I've read this whole article and I still don't understand why the ammo is important?

Yeah, it is bad that the prosecution did not disclose it, but it was a manilla envelope of loose rounds handed over by a friend of the father of the armourer, who has already been convicted of manslaughter. I can see why they would deem it not to be relevant evidence.

How could it possibly help the defence (other than this exact situation where it got the case thrown out)?

Also why would it not just be a mistrial, rather than the case being thrown out to never be tried again?

[–] [email protected] 21 points 1 month ago

If Baldwin provided all the ammo used, it increases the likelihood he is convicted by a jury. This ammo would've been provided to the Armorer by a third party, without his knowledge.

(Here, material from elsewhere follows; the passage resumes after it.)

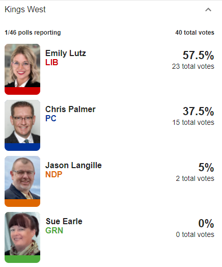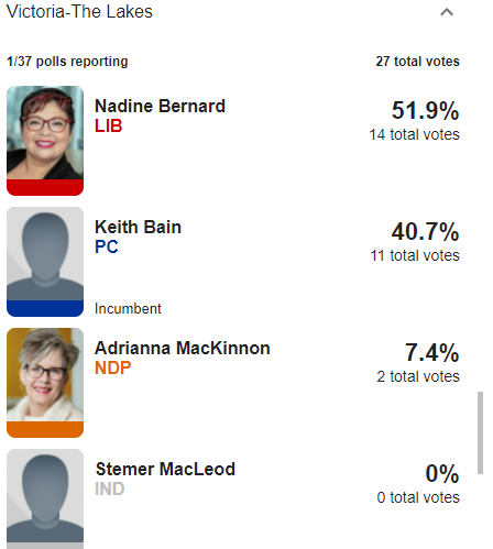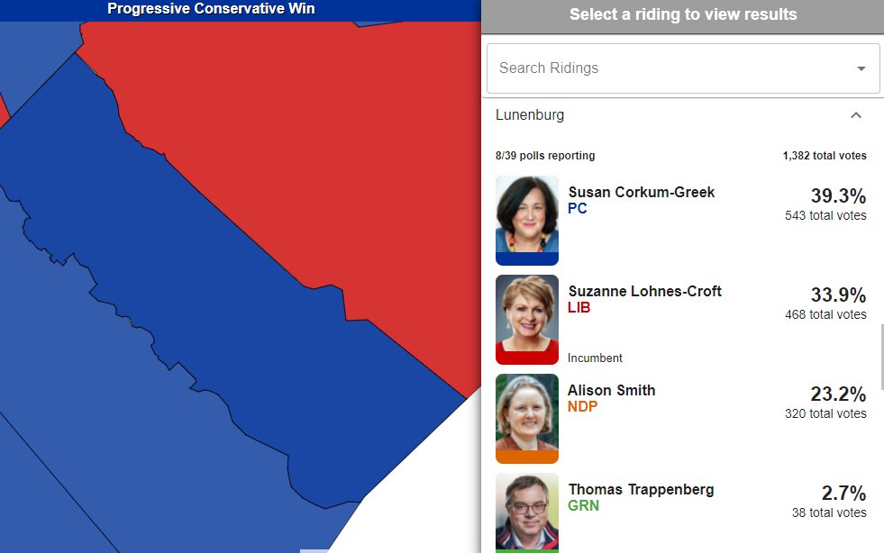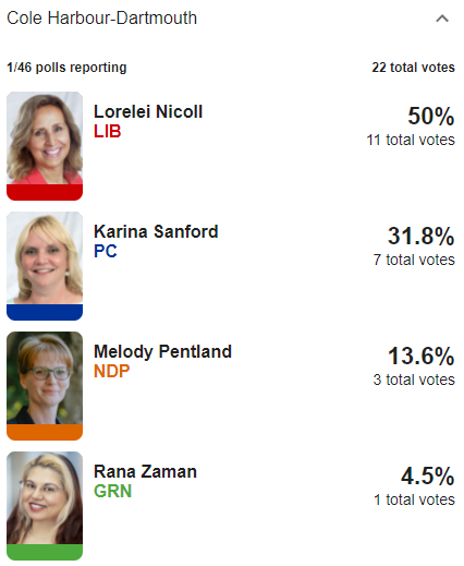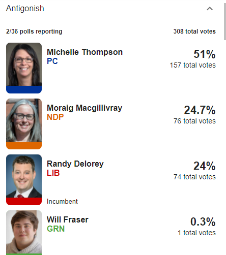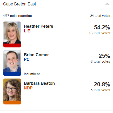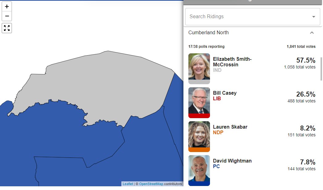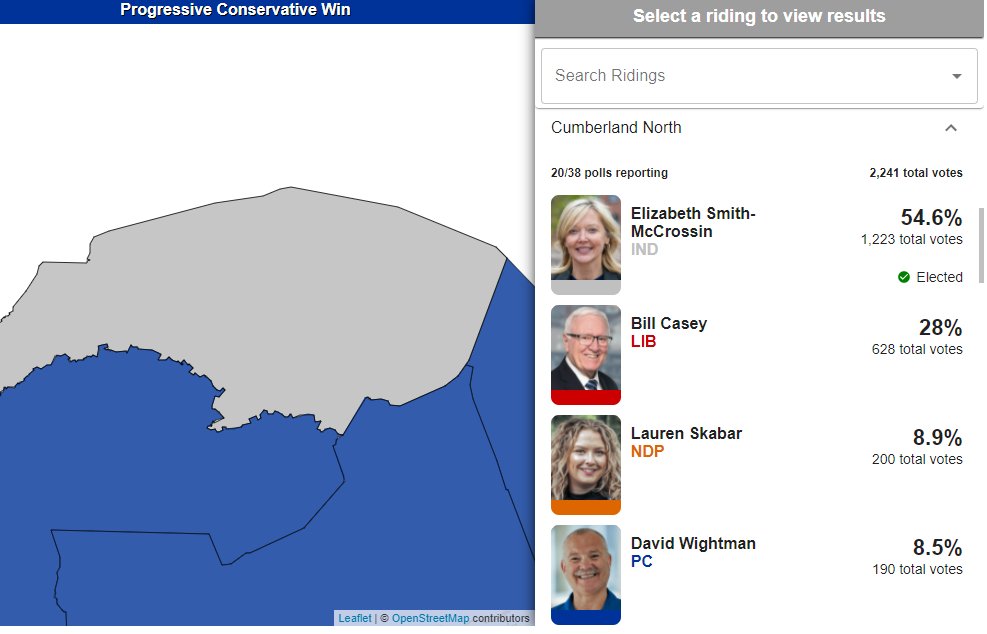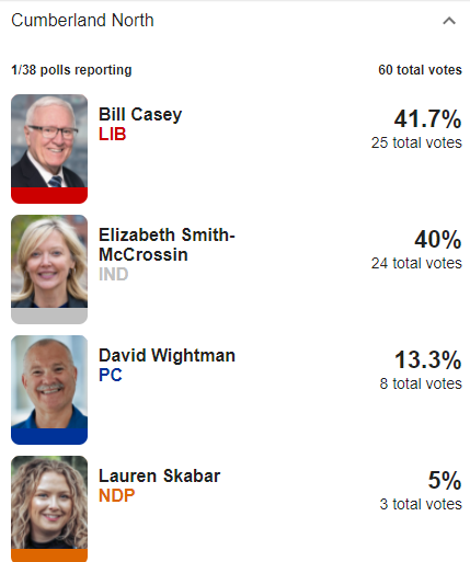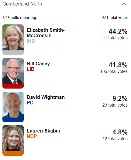 First results are in for Cumberland North, which we're expecting to be tight. Liberal Bill Casey leading by one vote over former PC Elizabeth Smith-McCrossin

At trial, the defense could have made any number of arguments that Baldwin had no way of knowing live ammunition was on set because an outside individual brought it to the set.

In any case, it's a clear Brady violation. The prosecutor has a constitutional duty to provide exculpatory evidence to the defense. It's not up to them to decide if it will be enough to establish reasonable doubt.

What the prosecution did was place this evidence under a new, case & number for a non-existent crime. They never had any intention of investigating the case that ammo was assigned to. The only reasonable conclusion one can draw was the prosecution deliberately obfuscated the relationship that ammo had to Baldwin's case to avoid providing it.

In an already highly attenuated case, and with overwhelming evidence that Baldwin's rights were violated, there can be no fair trial going forward. From the perspective of the law, once the prosecution has been found to have violated Brady deliberately, there can never be due process for the defendant.